Local students worry about having SAT scores invalidated
05/31/2014 8:37 PM
05/31/2014 8:38 PM
Area high school students who took the SAT on May 3 at Providence High remain anxious and in limbo this weekend after learning Friday that their test results might be invalid.
The Educational Testing Service, which administers the SAT for the College Board, said in a statement late Friday that it had launched an investigation after being notified that “students may not have been seated appropriately according to the test administration and security guidelines provided to Test Center Supervisors in advance of the exam.”
ETS said it’s still working to complete the investigation and will contact students directly about their scores, according to the statement. “We know these students have worked hard to prepare for the SAT and regret any inconvenience this may cause.”
ETS official spokesman Tom Ewing said Saturday he did not yet know how many students took the test that day, although some parents estimated several hundred could be affected.
Between word-of-mouth and social media, questions about the potential invalidation of scores and the need to retake the test spread rapidly among students and parents over the past couple of days. They said the lack of information from Charlotte- Mecklenburg Schools and test administrators has many people frustrated and worried about the impact a delay in test results could have on college application deadlines.

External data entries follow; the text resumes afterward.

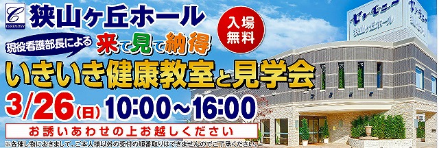 3月26日(日) 所沢市にある葬祭式場、セレモニー狭山ヶ丘ホールにて、いきき健康教室と見学会を開催いたします。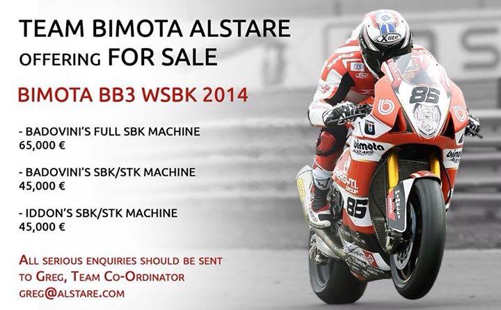 Mazbro n mbaksis, walaupun race WSBK ngga ditayangkan di Indonesia tapi tetep aja seru lho!! Karena memang yang dipakai di seluruh race-nya adalah motor spek full racing yang ngga kalah kencang dengan motor MotoGP. Nah….buat para bikers yang pingin punya motor yang dipakai di WSBK seri 2014 kemarin, ini ada kesempatan dari Team Bimota Alstre yang mau melego motor bekas pakai timnya.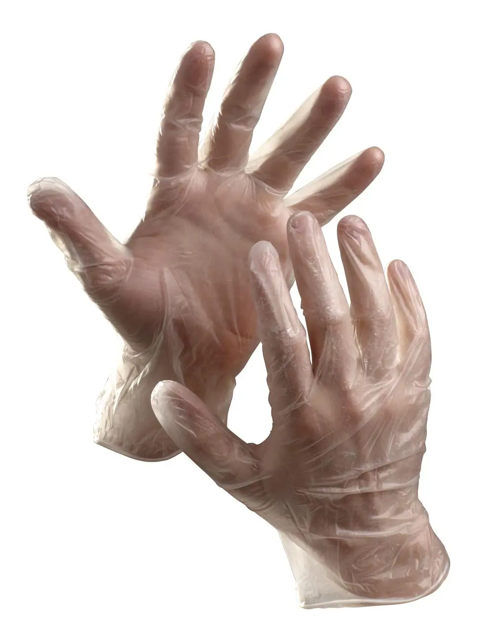 Jednorázové rukavice z tenkého vinylu, pudrované, balení po 100 ks. Jsou atestovány pro přímý krátkodobý styk s netukovými potravinami, bez silikonu. Využití rukavic: Vhodná pro všeobecnou práci a manipulaci v potravinářském a hygienickém prostředí. Povolání: Laboratoře, zdravotní péče, potravinářský průmysl, zpracovávání potravin, úklidová činnost.

Some parents questioned whether every room used for the SATs failed to meet test requirements, why the issue wasn’t corrected at the time and why students were allowed to proceed with the exam if officials knew there were violations that could possibly void test scores.
Students such as Reed Guthrie, Providence High junior class president, have been waiting anxiously for their results and frequently checked the College Board’s website.

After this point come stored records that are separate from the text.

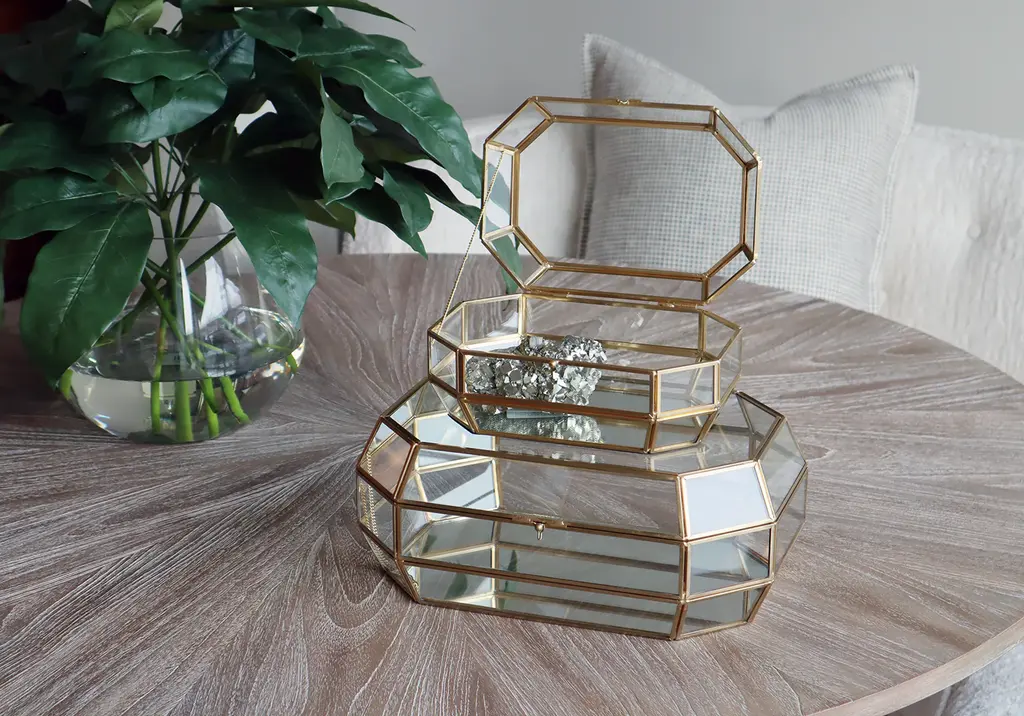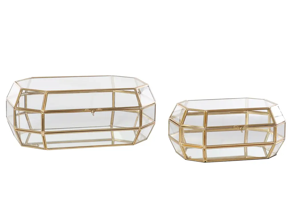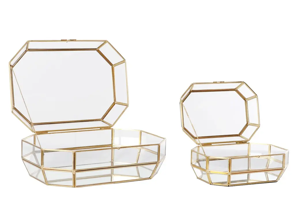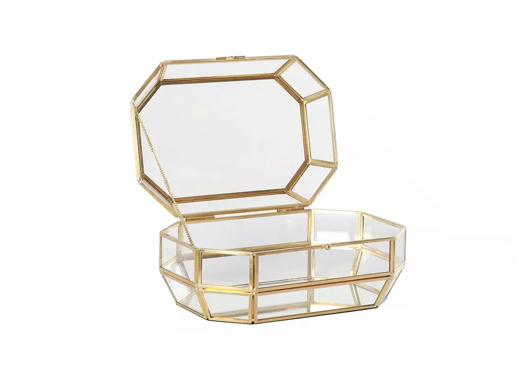 Final Sale The Bijou lends a simple elegance with its delicate, clear glass design accentuated with bright brass edging and a small matching clasp. Its subtle geometric form lends an additional touch of dimension. Available in two distinct sizes, pair together for an added look of luxury. Each size sold separately.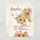 Caballo de palomino con girasoles y flores rosadas floridas niñas de cumpleaños plantilla de invitación presupuestaria para fiesta de cumpleaños. Hermoso retrato de caballo acuarela, agradable para los amantes del caballo.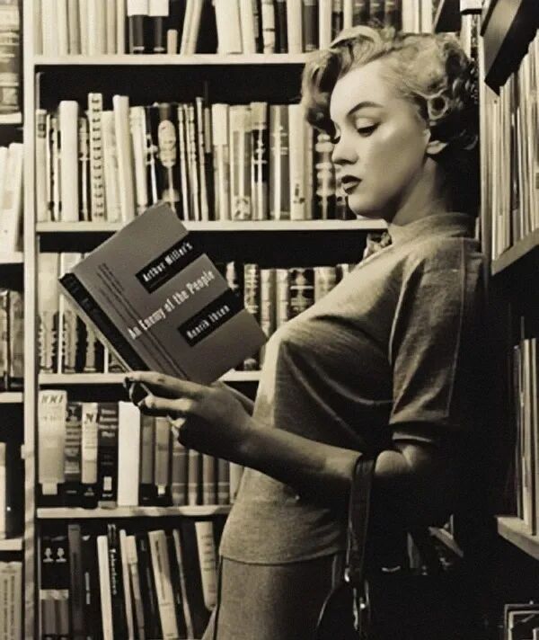 再看看梦露这张照片,倚靠在书架的一侧,安安静静阅读易卜生的《人民公敌》。美则美矣,也全然有了灵魂。

But instead of finding test scores online Friday, Guthrie said he and other students found information about how to retake the exam. Guthrie worries that any delay in reporting his scores could interfere with his plans to apply to the United States Naval Academy by the end of the summer.

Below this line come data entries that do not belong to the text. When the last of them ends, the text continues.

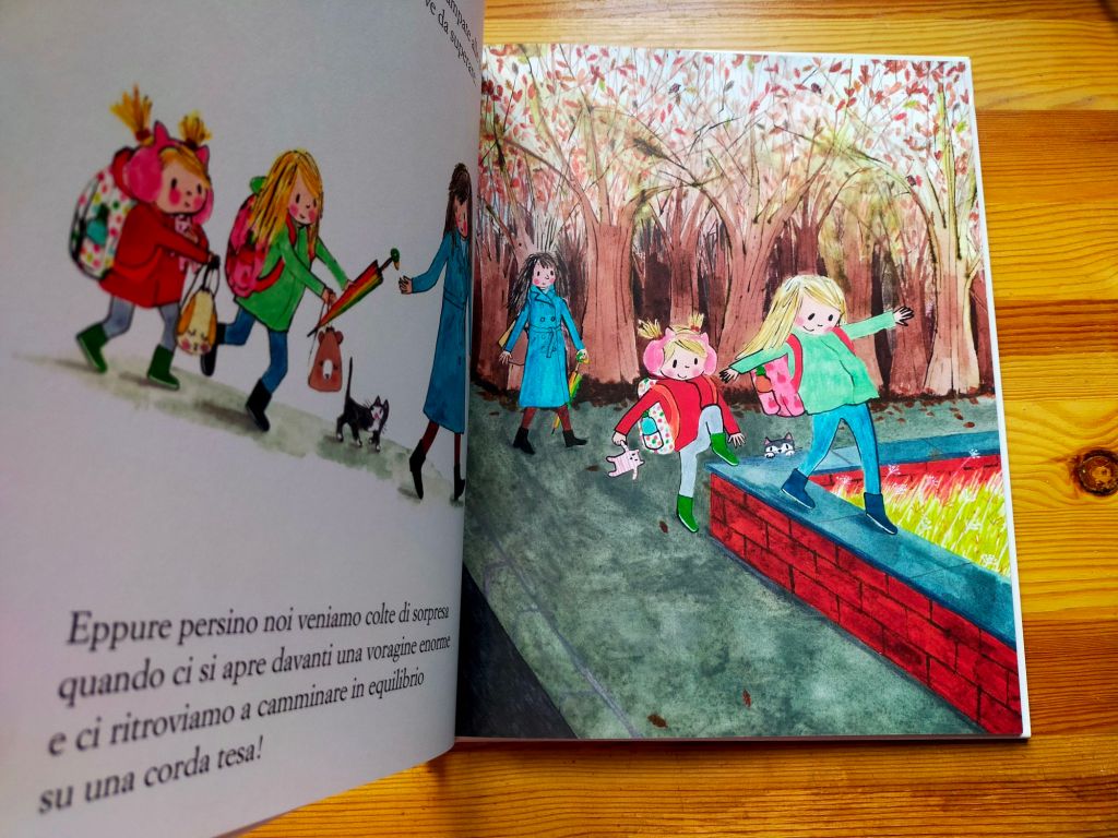 È un libro che celebra silenziosamente una vita piena di brusio, rumori e voci (o forse di miagolii), di incontri e pomeriggi passati in compagnia, col sole, con la pioggia o la neve. Di quella “normalità” che qualche anno fa ci era stata drasticamente preclusa e che appare ancora più un privilegio pazzesco (a noi adulti) se pensiamo a chi sta perdendo la casa e tutto il mondo che c’era intorno.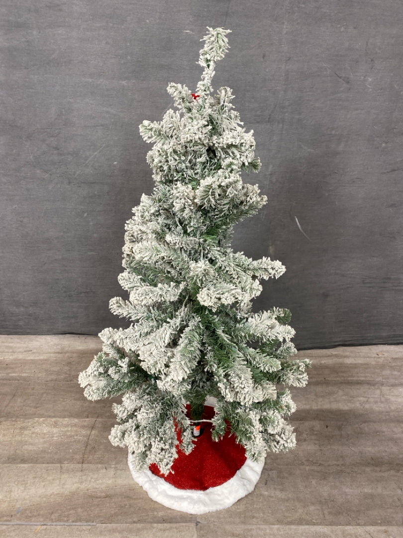 Xmas 4' Tree Pre Lit Flocked/Snowy with Red Skirt & Box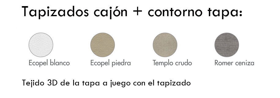 Tanto el perímetro de la tapa como el del cajón se pueden elegir en cuatro colores diferentes. Y se puede optar por contorno tapizado en tela o en polipiel para un toque de elegancia.

CMS spokeswoman Tahira Stalberte said district officials contacted the College Board late Friday but have little information. “The SAT is administered by the College Board. All the rules and regulations and information about what happened would have to come from (them),” she said.
Mitch and Cecilia Richman, whose daughter, Tori, is a junior at Providence High, said they’ve been told by College Board customer service representatives that the scores have been invalidated, and students could get a refund of the $75 exam fee or retake the test June 21.
Anita Gimon’s son, Aidan, attends Marvin Ridge High in Waxhaw and took the May 3 SAT at Providence. She said the uncertainty of having to take the lengthy test again places unfair stress on students.
“The best-case scenario would be for the College Board to say, … ‘There’s no evidence of cheating. We’ll give your kids their scores.’ I’m not holding my breath to that.”
Invalidating scores from an entire SAT test session appears to be relatively rare.
The New York Times reported in May 2012 that nearly 200 students who took the test at a Brooklyn private school had to retake the exam after an ETS auditor reported that proctors had been careless, allowing students to choose where they sat and leaving test booklets unattended, among other infractions.